Got the router table extension in my table saw finished. Just some MDF and some scraps laying around the shop. Turned out pretty level and solid. 6 coats of poly and nice and shiny. I will NEVER route MDF again though....wow that was terrible. Working on the fence tonight and will post some pics when I can of that.

Also got sick of ripping small strips on the table saw so instead of paying WAYY too much for one of those GRRippers I made one that works great in about 15 mins and out of scraps. Let me know what ya think.


----------



## firemedic (Dec 26, 2010)

Man the router table looks terrific. The push block does too. The table should give yrs of service and the added top space should make your TS much more capable of sheet goods. Over all :thumbsup:

Did you seal the table top? 
edit, I missed the 6 coats poly part :smile:

What's next?

~tom "Ignorance is not a lack of intelligence - it's a lack of know-how"


----------



## Tom5151 (Nov 21, 2008)

Looks really nice....is that a 3650? Can I ask how you mounted the extension to the table?


----------



## trog2233 (Feb 5, 2012)

Thanks all.....my tablesaw is a Ridgid r4512. I just bolted it thru to the existing table on both sides. 

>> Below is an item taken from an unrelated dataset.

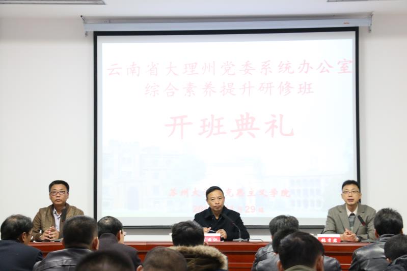 2017年11月28日—12月5日,苏州大学马克思主义学院干部学院顺利承办了大理州党委系统办公室提升综合能力素养研修班。苏州大学马克思主义学院党委书记张才君致辞,大理州委副秘书长、州委办公室主任肖云江做开班动员讲话,苏州大学马克思主义学院干部学院办公室副主任、带班老师石利军主持开班典礼。
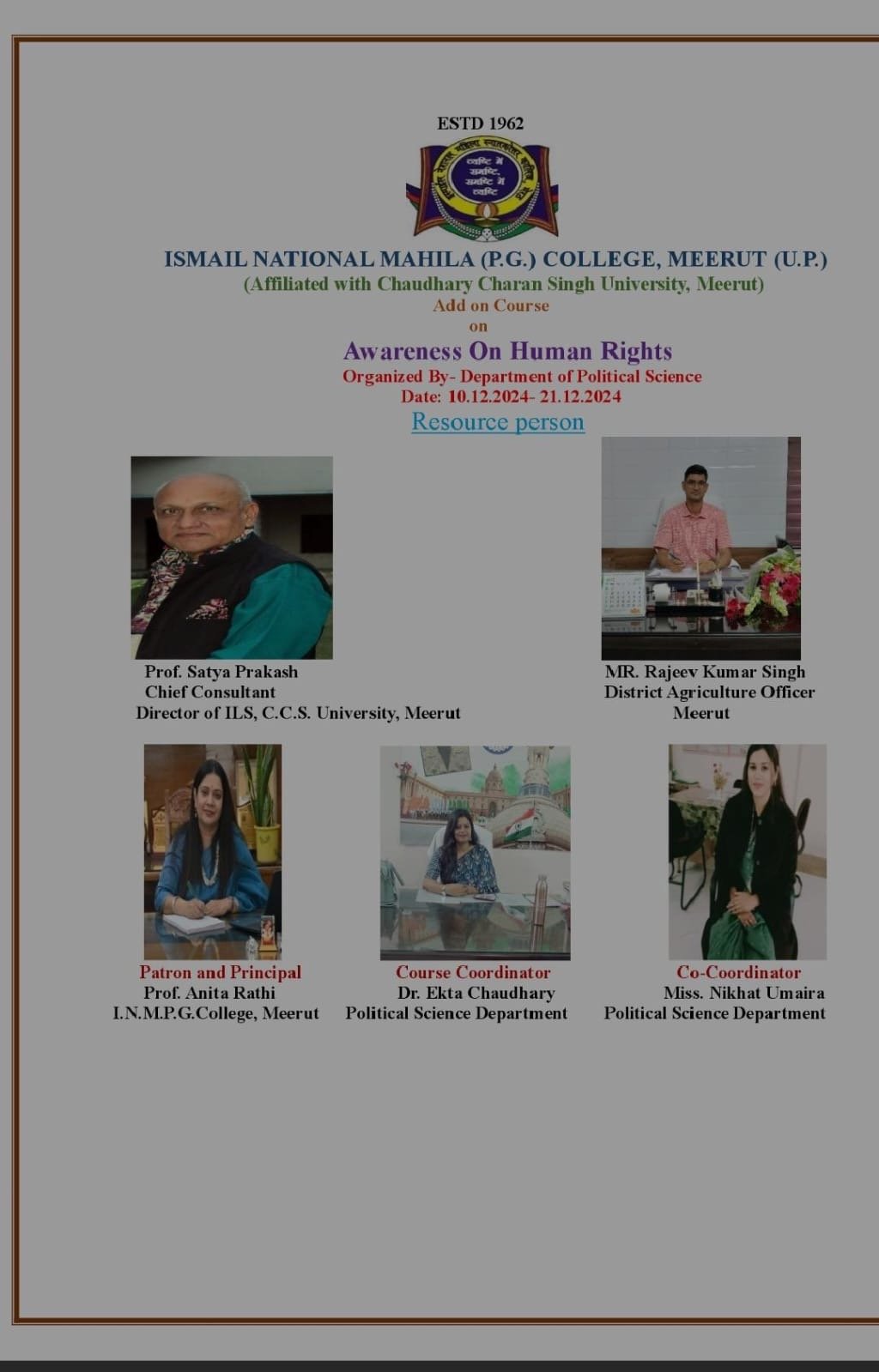 Department of Political Science is going to organizing 15 days Add-on Course on 'Awareness on Human Rights' Last date of registration - 09th December 2024

Here is my fence. Just finished. Still gotta add my port for dust collection on the back.


----------



## Kirch3333 (Dec 23, 2011)

Looks great... this might be next on my to-do list... Do you leave your router mounted? I'd be afraid of sag occurring after a while


----------



## thegrgyle (Jan 11, 2011)

That looks fabulous, and I love the Gripper. That fence looks like the one that Norm had designed for his router table..... I made one exactly like his for my router extension on my TS, and put the clamping board on the edge like you did. Are you going to finish it with something? Poly? what about the same stuff that you treat your saw table top with?

Fabian


----------



## jharris (Jan 8, 2011)

Sweet setup Trog, and beautiful execution.


----------



## Kenbo (Sep 16, 2008)

Very nice job indeed. Now that's something worth bragging about. Thanks for sharing this one.


----------